She looks at me dotingly and I feel helpless and angry and determined all at once. “Please put her on the program,” I beg P.

“I don’t mind,” she says. “But eventually her parents should agree.”

I ask to speak to her mother. She is ignorant and greedy to boot. “Will they send us the money directly,” she asks.

“ No,” I say. “ The money will be with us and we will see to it that she gets everything she should.”

“Then, why say she has a sponsor, who gives her money,” she asks. I realise that though she is ignorant, she is not stupid. I decide to tell her the truth.

“ We do it so that we know that the money will be actually spent on her. I am not telling about you, but sometimes, if we give the money directly to the child, some parents use it up for the house and not for the child.”

She loses interest at this point. “If we are not getting the money directly, why should she go? She might as well do some work at the house.”

She seems to think its some kind of bargain deal. What she’s saying is really, “ Give us the money and in return we’ll do you the favour of sending her to school.”

“The money is to support Baskanya,” I say. “Not for the family.”

“There is one girl in the village who is going to an ICSE school through her sponsor. He gave the family also a lot of money.”

“That is an exceptional case, where the sponsor wanted to do more than just support her,” explains P.

“Why can’t we get a sponsor like that?”

P is about to explain that we cannot demand that of people and that it’s eventually upto the sponsor’s generosity, but Baskanya’s mother has lost interest. She mutters something in Malwi and walks away. Something not very nice, I think. But the matter, as far as she is concerned, is settled.

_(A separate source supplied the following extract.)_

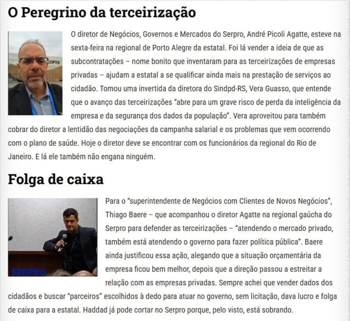 Essa desculpa das terceirizações vem sendo dada pelo diretor de Negócios, Governos e Mercados, André Picoli Agatte, que junto com o seu superintendente de “Negócios com Clientes de Novos Negócios”, Thiago Baere, andou fazendo peregrinação nas regionais da empresa para angariar apoios ao projeto. Que no jargão sindical tem a cara de ser um processo de “privatização branca”. A denúncia foi dada pela coluna deste blog no último dia 2 de junho.

I feel my heart sinking. Seeing my disappointment, P relents. “ We’ll see to it that she’s added on the program,” she told me. “We will do something.”

Baskanya looks at us questioningly. We smile at her and she smiles back at us. Her smile gives me hope. I look at P and I can see that Baskanya’s charm has gotten her too.

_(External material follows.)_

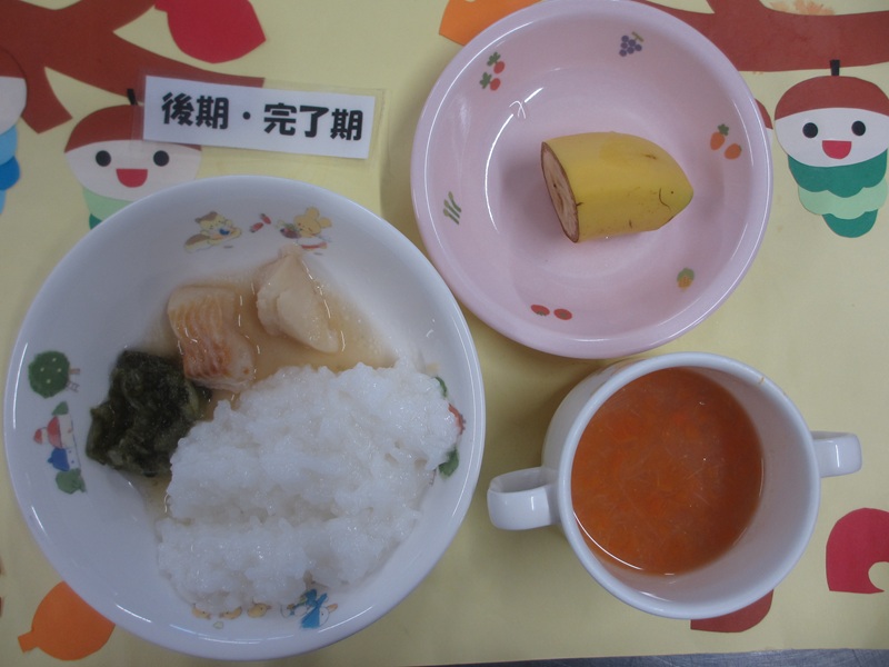 11/25(火)軟飯 挽肉煮 野菜サラダ スープ フルーツ

As we leave the village, Baskanya waves happily. As we reverse and begin to drive out, she suddenly springs forward, much like she did the first time. Her mouth is half-open, her eyebrows raised as though she wants to ask me something. Then suddenly, she thinks the better of it, and steps back.

I lean out of the jeep hoping she’ll come out with it. The jeep is gathering speed. But she doesn’t move. As the jeep zooms ahead, I turn back and see her in the distance—a small speck of pink waving crazily.
I love Christmas. Not just the stars and the tinsels and the Christmas tree. But the spirit, the joyous mood that permeates.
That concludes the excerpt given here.